Our Investment in Chainguard
It started with a text exchange over six months ago. A team of current and former Googlers were forming “the Justice League of Security,” it read. That text catalyzed a series of meetings, strategy sessions, and dinners culminating in today’s announcement that Amplify is leading Chainguard’s $5.0 million Seed financing.
But who comprises this mythical “Justice League?” Monikers aside – though they do facetiously refer to themselves as “The Guardians” – Chainguard’s founding team is one of the most prolific we’ve partnered with. If you’ve spent any time in the cloud native ecosystem, odds are you’ve touched multiple pieces of software authored by Dan Lorenc, Kim Lewandowski, Ville Aikas, Scott Nichols, and Matt Moore; GCS, gcr.io, Minikube, Distroless, Skaffold, Knative, Tekton, Kaniko, ko, and most recently Sigstore and SLSA just to name a few. Rarely do teams possess the depth and breadth of distributed systems and security know-how while maintaining an innate feel for developer experience and abiding respect for the power of open source. Together, this group of exceptional technologists is setting out to address an existential threat facing our global digital economy: software supply chain integrity.
They say luck favors the prepared mind, and years before that fateful text connecting us to Dan, Kim, Ville, Scott, and Matt, we at Amplify embarked on a mission to understand what ailed the software supply chain. We knew there was a ticking time bomb in the industry thanks in large part to our friend Maya Kaczorowski who had been sounding the alarm to us for years. Sure enough, that bomb went off in December 2020 when the SolarWinds attack was first reported.
For the uninitiated, SolarWinds is a $3B+ public company that develops a range of IT monitoring and management software. In December 2020, the company revealed that one of its products, the Orion network monitoring tool, was compromised, which meant over 18,000 customers – a list including dozens of government agencies and Fortune 500 companies – running the most recent version of Orion software had been breached.
The culprit, ultimately, was an unprotected Jenkins build server.
By attacking the build system, the attackers established a foothold in SolarWinds’s software publishing infrastructure. Once in the build system, the attackers had full access to modify software updates provided by SolarWinds to users of Orion.

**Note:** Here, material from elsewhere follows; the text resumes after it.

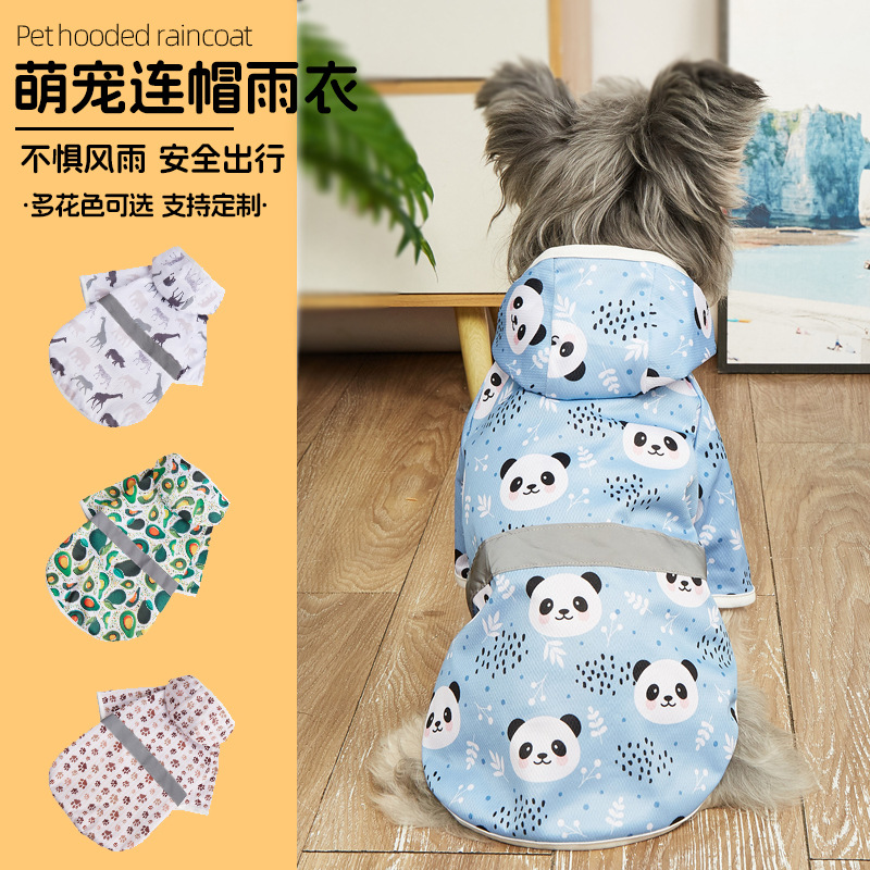 オーダーメイドソース工場ペットレインコート漫画プリントテディ比熊小型犬防水服フード付き犬レインコート

The attack persisted undetected for months, and has widely become known as one of the largest and most sophisticated attacks in history.
Supply chain attacks are so pernicious for two inherent reasons:
- The blast radius is massive as attacks are no longer confined to a single compromised organization but extend to every subsequent user of the compromised piece of software.
- Organizations have few credible defenses to thwart them; while tens of billions of dollars are spent annually to lock down production environments, limited resources are spent securing the tools and processes by which code gets into production.
This problem is magnified as the digital surface area of every company has grown exponentially over the last decade.
The calculus for bad actors, then, is simple: why spend months on a sophisticated spear phishing campaign when I can pop the CI infrastructure of an ISV, inject malicious code as part of the build process, and then have unfettered access to ALL of their users’ data?
Correspondingly, supply chain attacks are on a meteoric rise and accelerating, increasing 430% from 2019 to 2020 and up a staggering 650% in 2021. Perhaps more disturbing is the ease with which organizations are being pwned. Just this February, a researcher was able to breach 35 companies – including Microsoft, Apple, PayPal, Shopify, Netflix, Yelp, Tesla, and Uber – simply by injecting malicious dependency packages into commonly used open-source developer tools.
The evidence to us was clear as day: supply chain security is going to be the defining issue of the tech industry in the 2020s; a massive problem requiring a coordinated, multi-stakeholder solution.
Enter Sigstore.
Sigstore is an open source software supply chain security toolkit that the Chainguard team first started building while at Google. The mission of Sigstore was to create an easy-to-use, trustable and efficient digital signing tool to confirm the origin of software artifacts. In much the same way Let’s Encrypt made certificates for TLS ubiquitous, Sigstore aims to make software signing ubiquitous.
The toolchain itself is composed of three discrete projects that work in tandem: Cosign (container signing), Fulcio (a code-signing certificate authority), and Rekor (a transparency log). Cosign provides digital signatures on artifacts, “freezes” them in time, telling developers that software is both verified and untampered. Because Sigstore keeps a record of all these signatures, anyone can look up and query these signatures via Rekor, which acts as the system of record for verified software artifacts.
Since launching in March 2021, Sigstore usage has been growing rapidly, being adopted by various open source projects, most notably Kubernetes. The Sigstore community has blossomed in kind, with the support of and key contributions from organizations including Cisco, HPE, Google, Red Hat and VMware. And this is only the beginning.
We believe the path to a secure software supply chain is paved with open standards, best-in-class tooling, and a diverse, supportive community. And it will take nothing less than a heroic effort from a group of immensely talented Guardians who have our unwavering support.
Welcome Chainguard to the Amplify family!